Thursday, February 04, 2016

Getting Lost in the Past

“I think I’m homing in on some interesting ideas.”
Damian Stamer

The American painter Damian Stamer, who had his first New York exhibition whilst still studying for his MFA at the University of North Carolina at Chapel Hill, is inspired by the landscapes of his youth. The memory of which he recreates with his abstracted figurative works.

Stamer regularly returns to the North Carolina countryside to photograph the remaining remnants of the past which he reworks in his New York Studio.

As he told The Nashville Arts Magazine’s Daniel Tidwell These are the same old barns, relatively unchanged, that my bus passed every day to and from school over twenty years ago.”

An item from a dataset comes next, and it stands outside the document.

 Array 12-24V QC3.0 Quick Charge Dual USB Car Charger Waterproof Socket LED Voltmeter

It is the challenge of turning his trips down memory lane into paintings that speak to an audience endowed mostly with an urban aesthetic through paint and canvas that enthralls.

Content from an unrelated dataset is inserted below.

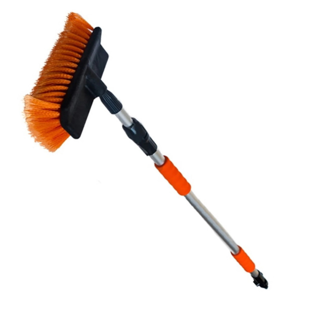 Щётка для мойки кузова с алюминиевой телескопической ручкой и клапаном для подключения воды. Густая мягкая щетина эффективно удаляет большинство дорожных загрязнений как из плоскостей, так и мест стыков дверей и окон.

About which he says “the difficulty of accessing information and emotions of years past, translated visually through faded colors and erasure. These works also hint at black-and-white photography, perhaps our most common window to the past, with white borders and dappled aging… There comes a time when these biographical and identity-laden concerns fall away, like the rockets of a space shuttle after launch. Chance and intuition take over. Painting becomes a dance outside the realm of language and concept.

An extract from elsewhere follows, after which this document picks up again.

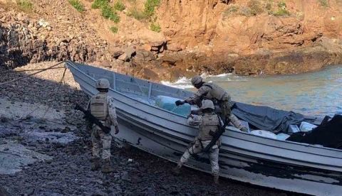 En un informe al respecto, la dependencia detalló que, a orilla del área de playa conocida como La Bufadora, en el ejido Esteban Cantú, elementos militares localizaron una embarcación tipo pescadora, con tres motores fuera de borda.

It is a dance that sees Stamer constantly looking for new steps that will drive his work forward.

As he says “My most exciting times in the studio come when I discover how to make a new mark or surface effect. I’m like a scientist, always tinkering and experimenting with unique ways to push my medium. When I find a new way to use paint that I’ve never seen before, I feel like I am adding to a conversation that began thousands of years ago.”

A point he underscored to the University of North Carolina at Chapel Hill Newsletter, Endeavors “I’m always looking for new tools and ways to spread paint. I’ve used masking tape, squeegees, heavy-duty paper towels, solvents, and even a frying pan to splatter paint.”

And whilst technique is important, it is when he ignores it, getting lost in the work, that Stamer achieves his most satisfying paintings.

As he says “I think I make my best work when I’m not really thinking at all. It may sound odd, but I think it’s like an athlete being in the zone.”

Stamer’s current exhibition A little past Lake Michie is on show at Philadelphia’s Bridgette Mayer Gallery until the 27th of February.